■ PROMPT: Find the line containing "USDA has maintained", then print it and each line after it through the end of the listing exactly, with no pictures.

■ DATASET EXTRACT:
----------------

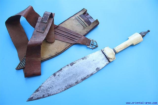 This Billao dagger is early 20 Century and comes from the coastal people of Somalia. It has a classical non-symmetrical leaf shape blade, 10 ½ inches long 2 ½ inches wide. The handle is made of two ivory sectors separated by layers of horn and brass. The pommel cap is silver. Original hide scabbard and leather belt. Total length 18 inches. Very good condition. Blackened spots and edge nicks on the blade. |
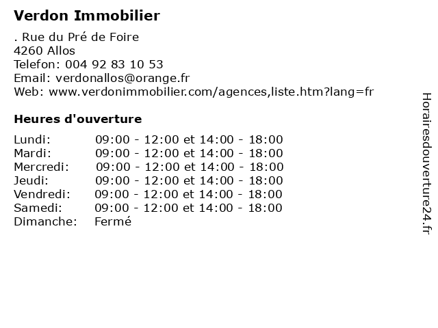 1 Verdon Tourisme - Accueil touristique de Colmars-Les-Alpes (Distance: 6,61 km) - Ancienne Auberge Fleurie, 04370 Colmars accueil, alpes, colmars, conseil, de, information, les, office, renseignement, tourisme, touristique, verdon, ville, visite 2 Résidence Les Chalets du Verdon*** - Vacancéole (Distance: 6,69 km) Pont De Labrau, 04260 La Foux D'Allos chalets, du, les, résidence, vacancéole, verdon*** 4 Communauté de communes Haut-Verdon Val d'Allos (Distance: 7,98 km) - Colmars, 04370 Beauvezer administration, coeur, communauté, communes, d'allos, de, haut, services publics, val, verdon 5 Hotel Les Canyons du Verdon (Distance: 44,69 km) . Boulevard Saint-Michel, 04120 Castellane bar, canyons, du, hotel, les, restaurant, service, verdon 6 Communauté de Communes du Moyen Verdon (Distance: 44,95 km) 126 Avenue Frédéric Mistral, 04120 Castellane administration, communauté, communes, de, du, moyen, services publics, verdon |
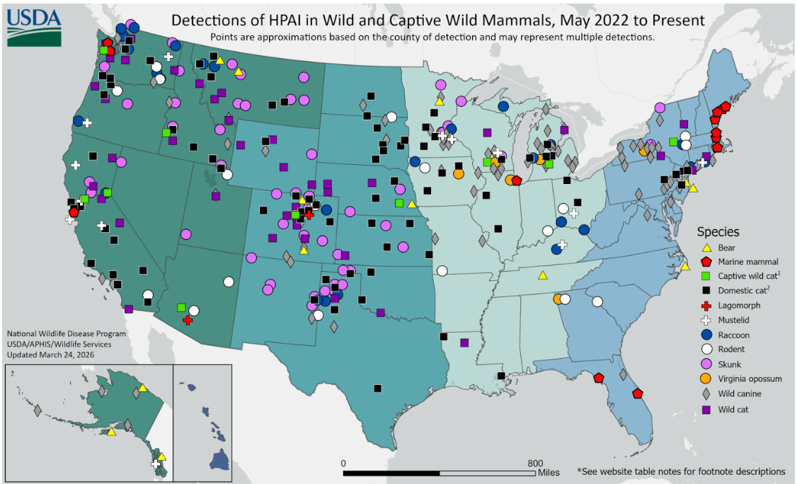 USDA has maintained a web site for some time now showing H5 isolates in “non-livestock” mammalian species in the U.S.: HPAI Detections in Mammals.
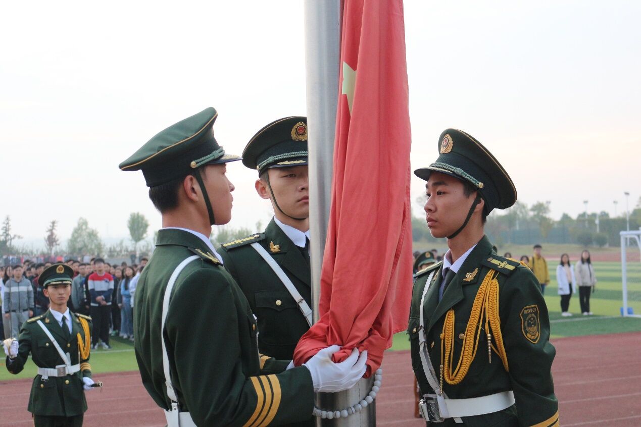 大会分为三个阶段。第一阶段升旗仪式,由tyc122ccVIP国旗护卫队的队员护卫国旗,英姿飒爽,昂首挺胸地将国旗护送至升旗台。伴随激昂的《义勇军进行曲》,同学们将目光聚集在鲜艳的五星红旗,冉冉升起的红旗代表了祖国大地和资环学员从晨雾中破晓而出、朝气蓬勃的模样。

----------------

■ OUTPUT BELOW:
 USDA has maintained a web site for some time now showing H5 isolates in “non-livestock” mammalian species in the U.S.: HPAI Detections in Mammals.
 大会分为三个阶段。第一阶段升旗仪式,由tyc122ccVIP国旗护卫队的队员护卫国旗,英姿飒爽,昂首挺胸地将国旗护送至升旗台。伴随激昂的《义勇军进行曲》,同学们将目光聚集在鲜艳的五星红旗,冉冉升起的红旗代表了祖国大地和资环学员从晨雾中破晓而出、朝气蓬勃的模样。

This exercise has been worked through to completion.